■ Your objective ■
Keep the wording of the records intact as you retype them, and omit every image.

(Dataset items)

'''

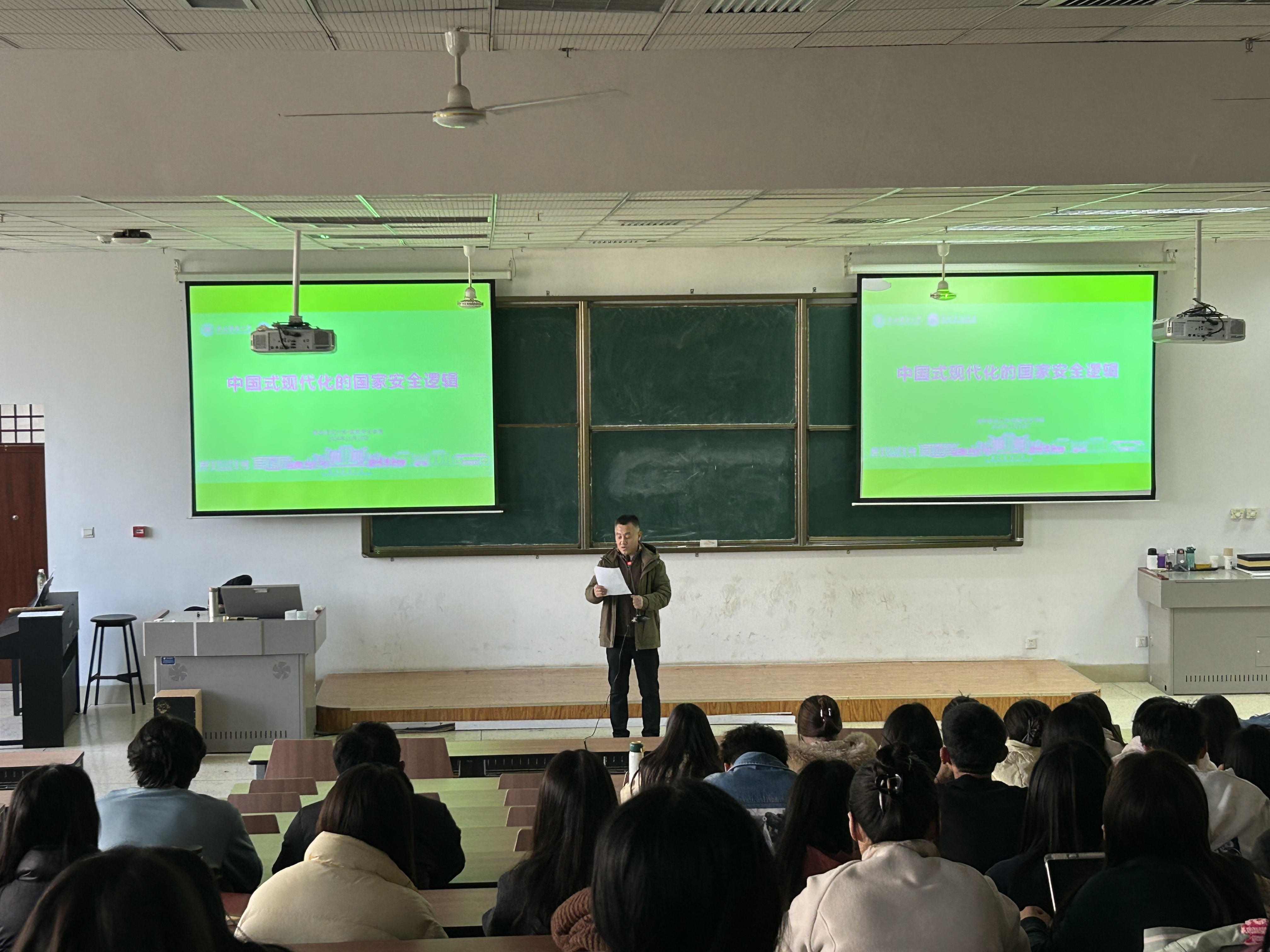 张亚泽教授主要从国家安全在中国式现代化中的核心地位展开论述,结合当前国内外复杂多变的安全形势,深入分析了新时代国家安全的重大意义。在报告中,张教授详细讲解了“总体国家安全观”及其理论创新,强调习近平新时代中国特色社会主义思想对国家安全工作的科学指导作用。他结合具体案例,阐述了外部环境的不确定性与国内改革发展中的潜在风险,特别是非传统安全威胁对国家安全构成的新挑战。张教授进一步强调,国家安全工作的核心目标是增强人民群众的获得感、安全感和幸福感,保障人民利益是国家安全的最终追求。
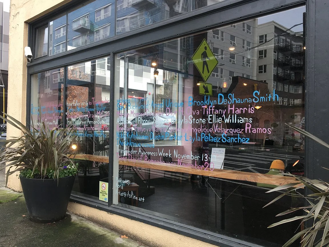 Names of some of the Trans people lost in the year 2020. Painted on the windows of Gay City in Seattle Washington.
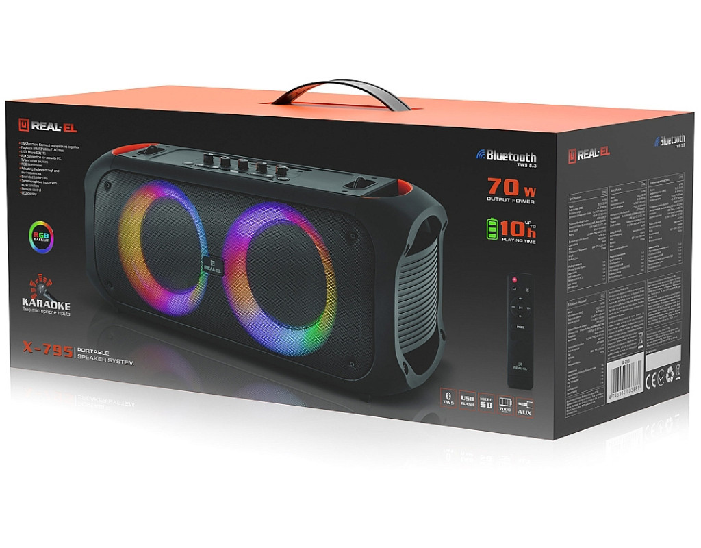 | Акустична система REAL-EL X-795 (EL121600022) — це яскравий зразок сучасних технологій, втілених у стильній портативній колонці, яка створена, щоб дарувати вам незабутні музичні моменти. Пориньте у світ якісного звучання з приголомшливою віддачею в 70 Вт, що разом із динаміками Ø 6.5" та твітерами Ø 3.5" забезпечує глибокі баси та яскраві високі частоти. Ваші улюблені треки зазвучать по-новому, наповнюючи простір енергією та емоціями. Ця портативна колонка пропонує безмежні можливості підключення: дротове через USB або AUX та бездротове через Bluetooth. Будьте завжди в ритмі, підключаючи смартфон, ПК, телевізор або інші пристрої. Для зручності користування передбачені слоти для Micro SD карт та USB-флешок, що дозволяють легко відтворювати музичні колекції. Спеціальна функція TWS (True Wireless Stereo) дає змогу об'єднати дві такі колонки в одну потужну бездротову стереосистему потужністю 140 Вт, створюючи невимушену атмосферу в будь-якому місці. Однією з ключових особливостей REAL-EL X-795 є RGB LED підсвічування, що перетворює кожну вечерю або вечірку в справжнє світлове шоу, підкреслюючи магію музики. Для любителів караоке або професійних виступів колонка обладнана двома мікрофонними входами з регулюванням гучності та ефектом ехо, що додає ваших вокальним здібностям ще більше виразності. Живлення від акумулятора забезпечує автономну роботу до 10 годин, що дозволяє насолоджуватися музикою навіть на віддалених локаціях без доступу до джерел енергії. Швидка і зручна зарядка здійснюється через USB Type-C порт. Для зручності управління передбачений інтуїтивно зрозумілий пульт дистанційного керування, що робить контроль над усіма функціями максимально простим і комфортним. Корпус колонок виконаний із легкого, але міцного пластику, що не тільки гарантує витривалість, але й полегшує транспортування — важить усього 6.6 кг. Незалежно від місця, де ви знаходитесь, ця акустична система стане вашим надійним супутником у створенні музичної атмосфери. REAL-EL X-795 — це універсальне рішення для тих, хто цінує якість звуку, стильний дизайн і функціональність. Вона стане ідеальним вибором для вечірок, відпочинку на природі або домашнього використання, перетворюючи звук у справжнє задоволення, а світлові ефекти — у візуальне диво, яке заряджає кожен момент енергією та радістю. |
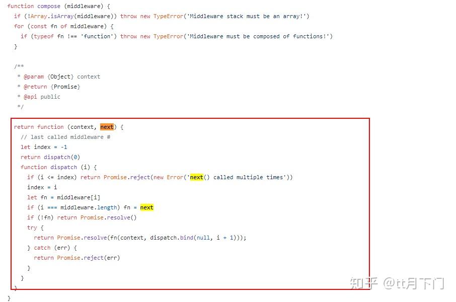 这不就实现了吗?刚刚我留了一个坑就是没放 koa-compose 的源码,下面是源码:
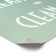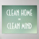 Clean home equals clean mind cleanliness poster. The saying is printed in neat white lettering against a dark green background. Promote cleanliness and it's benefits to mental health and well being with this simple and effective cleanliness poster.
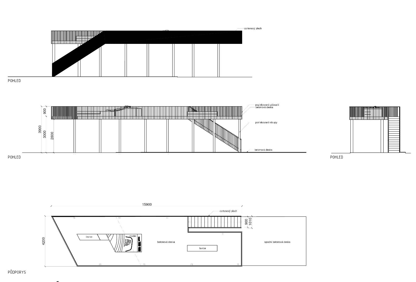 Na linii příkopu leží altán nabízející přístřeší a vyhlídku s modelem. Altán je tvořen dvěma horizontálními deskami z probarveného betonu, vynesenými ocelovými sloupy. Střecha altánu / vyhlídková terasa je přístupná přímým schodištěm z cortenové oceli, které navazuje na korunu opěrné zídky, resp. časovou osu. Altán je vybaven základním mobiliářem - sedacími prvky, stojanem na kola a odpadkovým košem. Ve stropní desce budou zapuštěná svítidla.

'''

■ Task solution ■
 张亚泽教授主要从国家安全在中国式现代化中的核心地位展开论述,结合当前国内外复杂多变的安全形势,深入分析了新时代国家安全的重大意义。在报告中,张教授详细讲解了“总体国家安全观”及其理论创新,强调习近平新时代中国特色社会主义思想对国家安全工作的科学指导作用。他结合具体案例,阐述了外部环境的不确定性与国内改革发展中的潜在风险,特别是非传统安全威胁对国家安全构成的新挑战。张教授进一步强调,国家安全工作的核心目标是增强人民群众的获得感、安全感和幸福感,保障人民利益是国家安全的最终追求。
 Names of some of the Trans people lost in the year 2020. Painted on the windows of Gay City in Seattle Washington.
 | Акустична система REAL-EL X-795 (EL121600022) — це яскравий зразок сучасних технологій, втілених у стильній портативній колонці, яка створена, щоб дарувати вам незабутні музичні моменти. Пориньте у світ якісного звучання з приголомшливою віддачею в 70 Вт, що разом із динаміками Ø 6.5" та твітерами Ø 3.5" забезпечує глибокі баси та яскраві високі частоти. Ваші улюблені треки зазвучать по-новому, наповнюючи простір енергією та емоціями. Ця портативна колонка пропонує безмежні можливості підключення: дротове через USB або AUX та бездротове через Bluetooth. Будьте завжди в ритмі, підключаючи смартфон, ПК, телевізор або інші пристрої. Для зручності користування передбачені слоти для Micro SD карт та USB-флешок, що дозволяють легко відтворювати музичні колекції. Спеціальна функція TWS (True Wireless Stereo) дає змогу об'єднати дві такі колонки в одну потужну бездротову стереосистему потужністю 140 Вт, створюючи невимушену атмосферу в будь-якому місці. Однією з ключових особливостей REAL-EL X-795 є RGB LED підсвічування, що перетворює кожну вечерю або вечірку в справжнє світлове шоу, підкреслюючи магію музики. Для любителів караоке або професійних виступів колонка обладнана двома мікрофонними входами з регулюванням гучності та ефектом ехо, що додає ваших вокальним здібностям ще більше виразності. Живлення від акумулятора забезпечує автономну роботу до 10 годин, що дозволяє насолоджуватися музикою навіть на віддалених локаціях без доступу до джерел енергії. Швидка і зручна зарядка здійснюється через USB Type-C порт. Для зручності управління передбачений інтуїтивно зрозумілий пульт дистанційного керування, що робить контроль над усіма функціями максимально простим і комфортним. Корпус колонок виконаний із легкого, але міцного пластику, що не тільки гарантує витривалість, але й полегшує транспортування — важить усього 6.6 кг. Незалежно від місця, де ви знаходитесь, ця акустична система стане вашим надійним супутником у створенні музичної атмосфери. REAL-EL X-795 — це універсальне рішення для тих, хто цінує якість звуку, стильний дизайн і функціональність. Вона стане ідеальним вибором для вечірок, відпочинку на природі або домашнього використання, перетворюючи звук у справжнє задоволення, а світлові ефекти — у візуальне диво, яке заряджає кожен момент енергією та радістю. |
 这不就实现了吗?刚刚我留了一个坑就是没放 koa-compose 的源码,下面是源码:
 Clean home equals clean mind cleanliness poster. The saying is printed in neat white lettering against a dark green background. Promote cleanliness and it's benefits to mental health and well being with this simple and effective cleanliness poster.
 Na linii příkopu leží altán nabízející přístřeší a vyhlídku s modelem. Altán je tvořen dvěma horizontálními deskami z probarveného betonu, vynesenými ocelovými sloupy. Střecha altánu / vyhlídková terasa je přístupná přímým schodištěm z cortenové oceli, které navazuje na korunu opěrné zídky, resp. časovou osu. Altán je vybaven základním mobiliářem - sedacími prvky, stojanem na kola a odpadkovým košem. Ve stropní desce budou zapuštěná svítidla.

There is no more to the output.